Process: 97/2017-T

Date: February 19, 2018

Tax Type: IRS

Source: Original CAAD Decision

Summary

This arbitration case (Process 97/2017-T) addresses the contested reclassification of a dental surgeon from the organized accounting regime to the simplified taxation regime for IRS purposes in 2012. The taxpayer, operating under organized accounting since 1986, challenged an additional IRS assessment of €37,076.39 issued after the Tax Authority reclassified them to the simplified regime based on 2011 turnover falling below the mandatory threshold established in Article 28 of the IRS Code.

The Tax Authority raised a preliminary exception of lack of jurisdiction, arguing the CAAD arbitration tribunal could not review the administrative decision to reclassify the taxpayer's regime. The Arbitral Tribunal rejected this exception, relying on Article 54 of the Tax Procedure Code (CPPT), which permits taxpayers to challenge final tax assessments based on illegalities committed in prior procedural acts, including interlocutory decisions like regime classification changes.

The tribunal clarified that while interlocutory acts are generally not independently challengeable unless immediately harmful, taxpayers retain the right to invoke procedural illegalities when contesting the final assessment.
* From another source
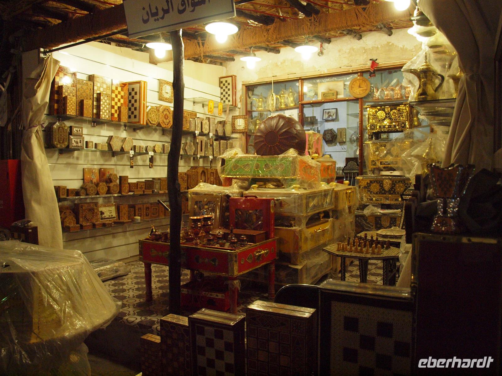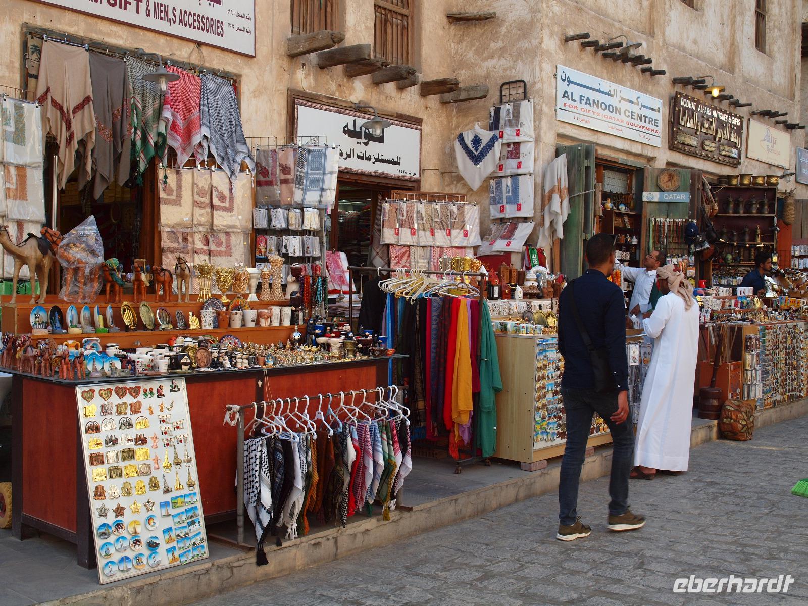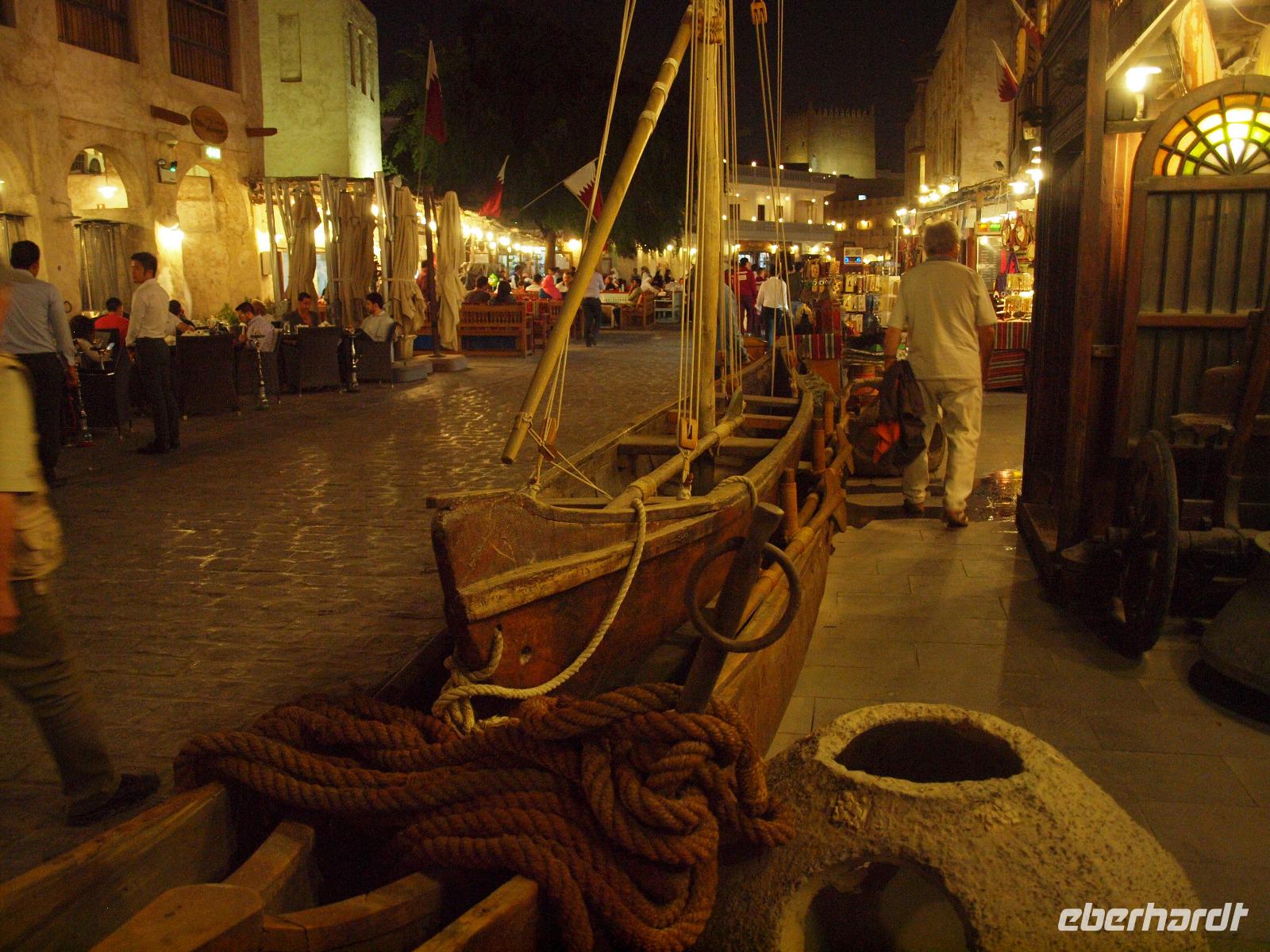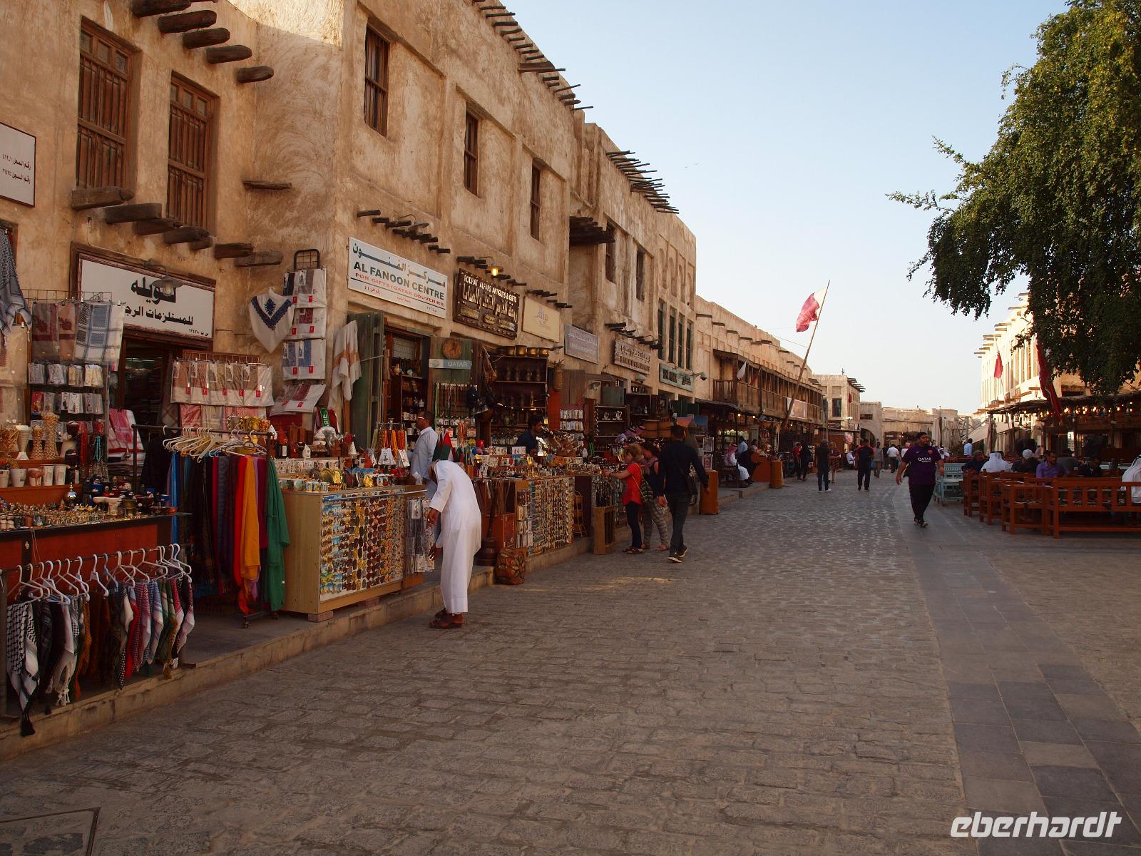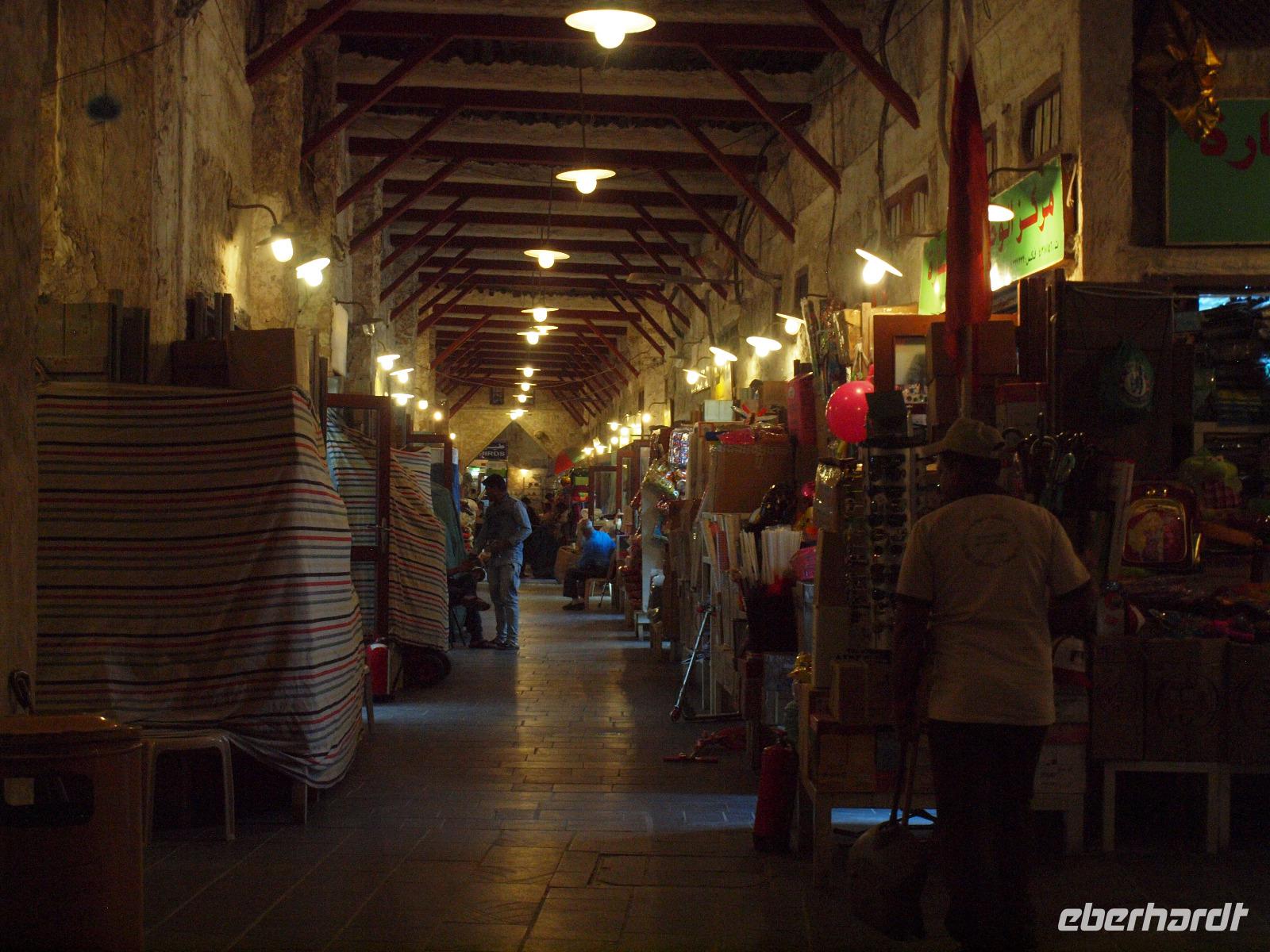 Es ist bereits spät geworden, unser Reiseleiter Sahel, aus Ägypten, nimmt uns freundlich in Empfang und bringt uns zum Hotel. Von hier geht es gleich weiter zum Souk Waqif, immerhin ist es Zeit für das Abendessen. Nach der ausreichenden Stärkung sind wir noch nicht bereit zurück ins Hotel zu fahren. Wir wollen gern den lauwarmen Abend auskosten und den Souk erkunden. Sahel geht mit uns also noch eine Runde. Vorbei an zahlreichen Stoffläden und Läden mit lauter Krimskram bis hin zu widersprüchlichen Freiluft-Zoohandlungen führt uns Sahel durch den Abend. Zurück im Hotel verabreden wir uns für den nächsten Tag und gehen auf unsere Zimmer.

Since the request sought to challenge the additional IRS liquidation itself—not merely the reclassification decision—the tribunal held it had material jurisdiction under Article 2(1)(a) of the RJAT.

The substantive dispute centers on whether the Tax Authority can unilaterally reclassify a taxpayer to the simplified regime when prior year turnover falls below the mandatory threshold for organized accounting, particularly for professionals with long-standing organized accounting systems. This decision reinforces taxpayers' procedural rights in tax arbitration, confirming that challenges to final assessments can encompass review of all underlying administrative acts and that CAAD tribunals possess broad jurisdiction to examine IRS assessment legality, including regime classification irregularities based on turnover criteria.

Full Decision

ARBITRAL DECISION

REPORT

On 2 February 2017, A…, taxpayer no. …, resident at …, no. …, …-… Lisbon ("Applicant"), submitted a request for arbitral determination with the intervention of a single arbitral tribunal, in accordance with articles 2, no. 1, paragraph a), and 10, no. 1, paragraph a), of the Legal Framework for Arbitration in Tax Matters ("RJAT").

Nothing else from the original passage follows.